_Instructions to follow:_ Please repeat only the lines below starting at the line that holds "youngalmamad, brown eyes, thick" and ending at the line that holds "少し雨が降る中でのスタートと", exactly, with both of those lines included and every picture omitted.

[[ Records for the task open ]]

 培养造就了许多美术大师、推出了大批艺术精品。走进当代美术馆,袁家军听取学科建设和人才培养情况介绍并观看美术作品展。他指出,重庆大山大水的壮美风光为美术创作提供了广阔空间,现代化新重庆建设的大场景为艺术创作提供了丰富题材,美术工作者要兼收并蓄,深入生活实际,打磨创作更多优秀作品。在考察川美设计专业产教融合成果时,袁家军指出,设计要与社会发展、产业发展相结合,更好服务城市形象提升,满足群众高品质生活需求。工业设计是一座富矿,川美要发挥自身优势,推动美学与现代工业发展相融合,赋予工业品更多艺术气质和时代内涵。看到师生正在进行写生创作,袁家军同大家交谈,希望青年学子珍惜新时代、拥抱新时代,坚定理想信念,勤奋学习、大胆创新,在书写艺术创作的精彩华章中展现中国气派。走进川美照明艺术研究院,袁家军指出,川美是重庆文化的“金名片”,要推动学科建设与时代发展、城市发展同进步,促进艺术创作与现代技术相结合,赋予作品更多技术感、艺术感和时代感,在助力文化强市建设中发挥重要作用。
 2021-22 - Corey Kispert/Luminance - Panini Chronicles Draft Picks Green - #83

[[ Records for the task closed ]]
[[ Records for the task open ]]

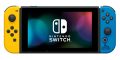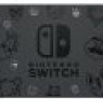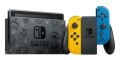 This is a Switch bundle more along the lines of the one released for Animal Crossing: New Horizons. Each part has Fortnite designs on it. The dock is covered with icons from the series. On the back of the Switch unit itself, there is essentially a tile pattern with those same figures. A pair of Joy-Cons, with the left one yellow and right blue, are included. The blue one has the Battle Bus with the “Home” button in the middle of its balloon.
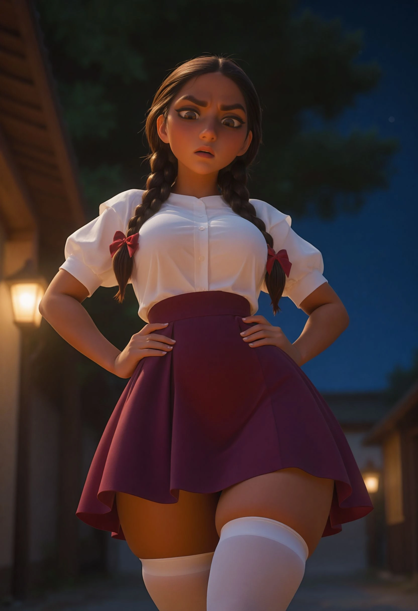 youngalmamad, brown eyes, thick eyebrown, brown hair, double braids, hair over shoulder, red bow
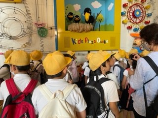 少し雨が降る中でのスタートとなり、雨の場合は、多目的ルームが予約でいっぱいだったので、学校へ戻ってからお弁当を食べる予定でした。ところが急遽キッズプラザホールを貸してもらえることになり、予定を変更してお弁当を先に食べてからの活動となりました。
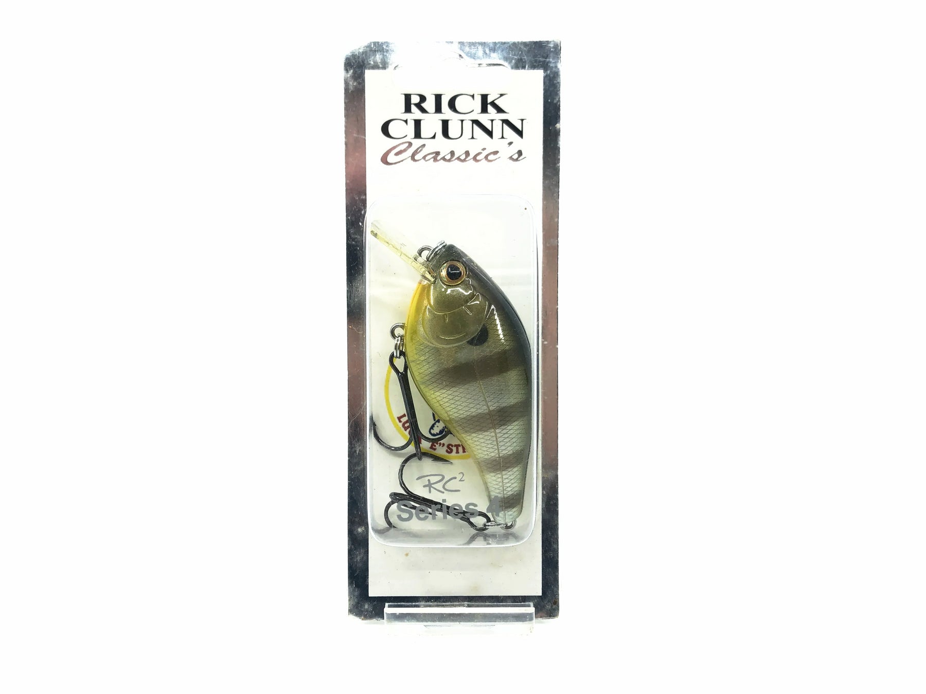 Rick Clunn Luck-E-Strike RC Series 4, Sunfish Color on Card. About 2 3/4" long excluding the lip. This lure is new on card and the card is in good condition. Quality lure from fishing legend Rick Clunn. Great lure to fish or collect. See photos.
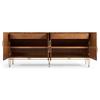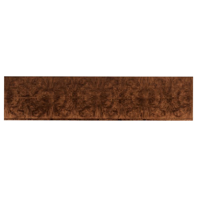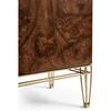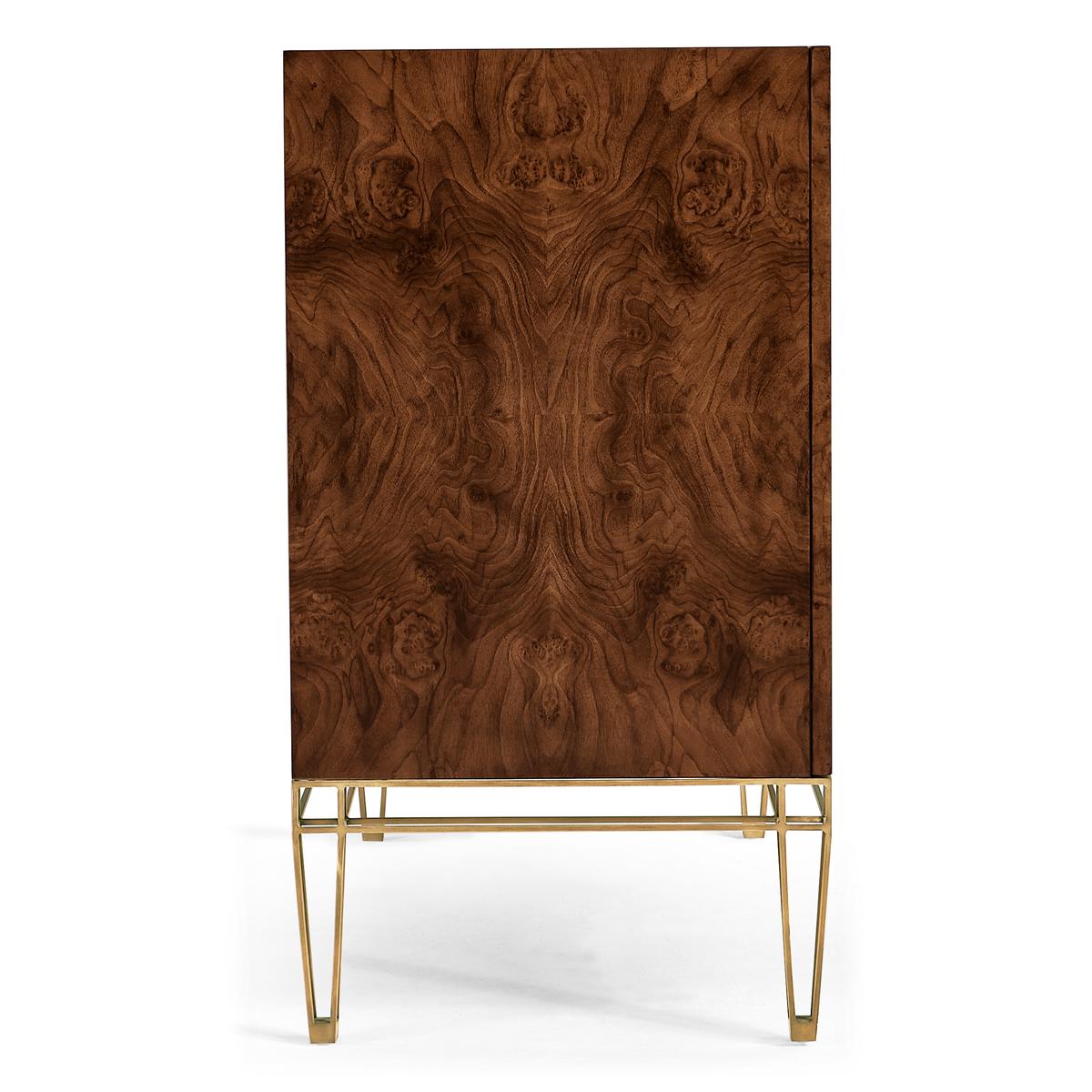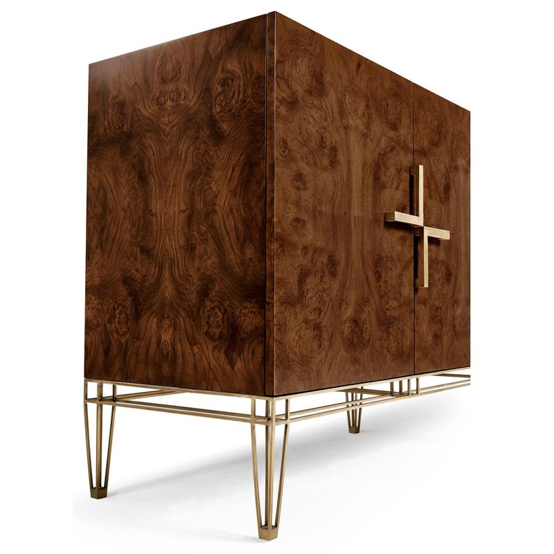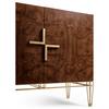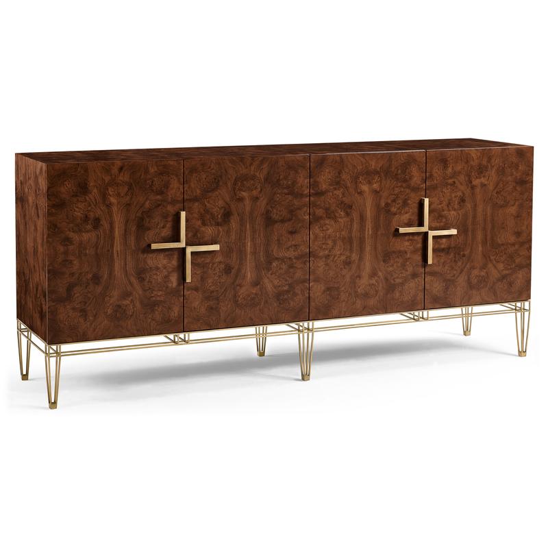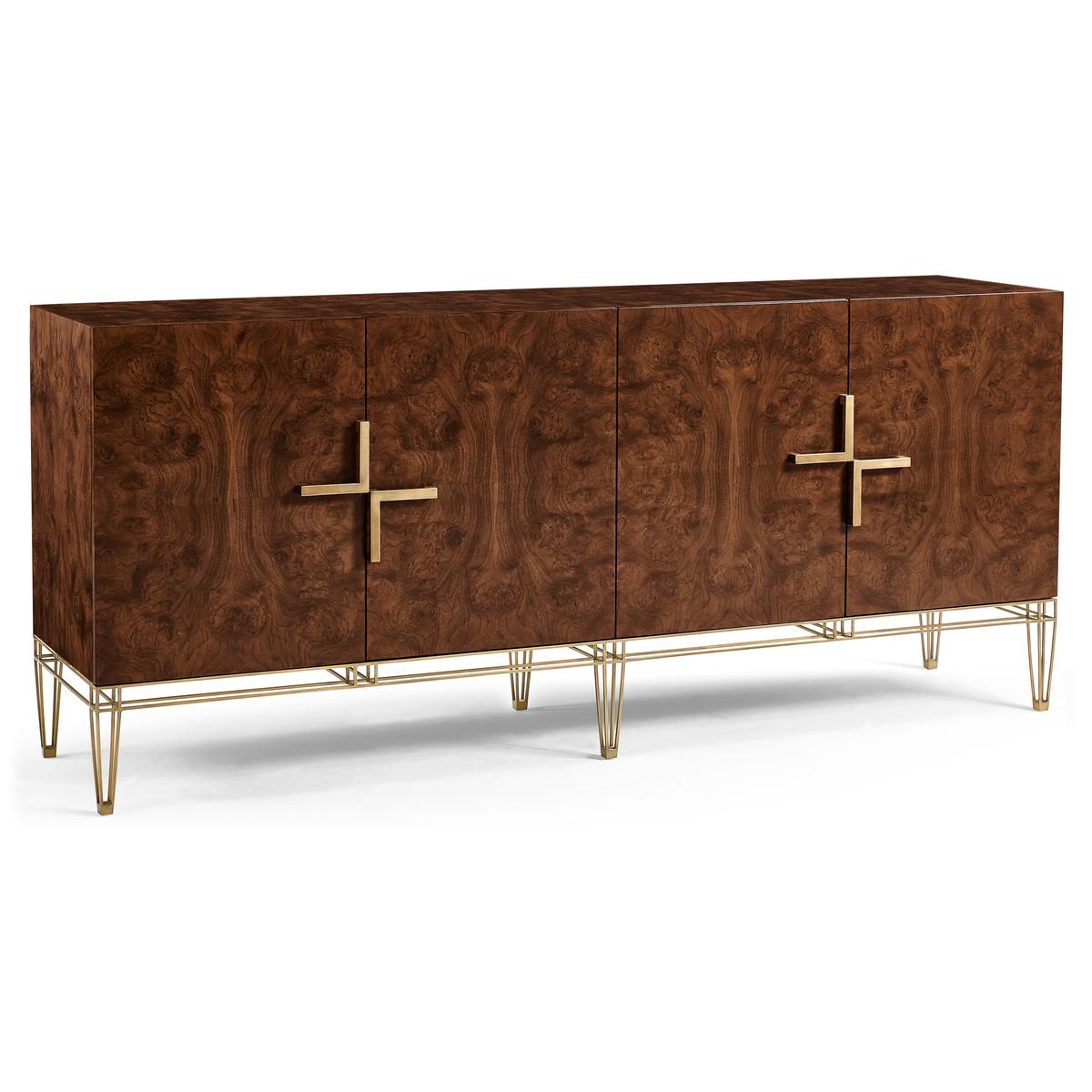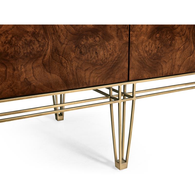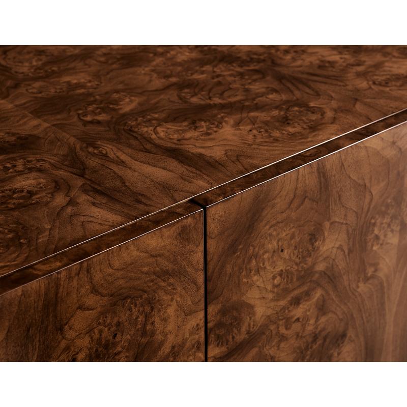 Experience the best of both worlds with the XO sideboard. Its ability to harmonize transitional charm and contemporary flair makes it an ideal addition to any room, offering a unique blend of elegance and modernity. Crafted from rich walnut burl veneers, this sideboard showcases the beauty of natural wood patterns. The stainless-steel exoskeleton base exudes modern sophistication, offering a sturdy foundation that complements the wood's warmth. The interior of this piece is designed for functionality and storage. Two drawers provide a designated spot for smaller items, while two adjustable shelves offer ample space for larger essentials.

[[ Records for the task closed ]]
[[ Records for the task open ]]

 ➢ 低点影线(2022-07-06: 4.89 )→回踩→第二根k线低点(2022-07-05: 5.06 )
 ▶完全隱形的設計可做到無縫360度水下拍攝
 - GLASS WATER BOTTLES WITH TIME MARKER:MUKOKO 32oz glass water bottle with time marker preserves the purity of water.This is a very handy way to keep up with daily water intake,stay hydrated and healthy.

[[ Records for the task closed ]]

_Answer box:_
 youngalmamad, brown eyes, thick eyebrown, brown hair, double braids, hair over shoulder, red bow
 少し雨が降る中でのスタートとなり、雨の場合は、多目的ルームが予約でいっぱいだったので、学校へ戻ってからお弁当を食べる予定でした。ところが急遽キッズプラザホールを貸してもらえることになり、予定を変更してお弁当を先に食べてからの活動となりました。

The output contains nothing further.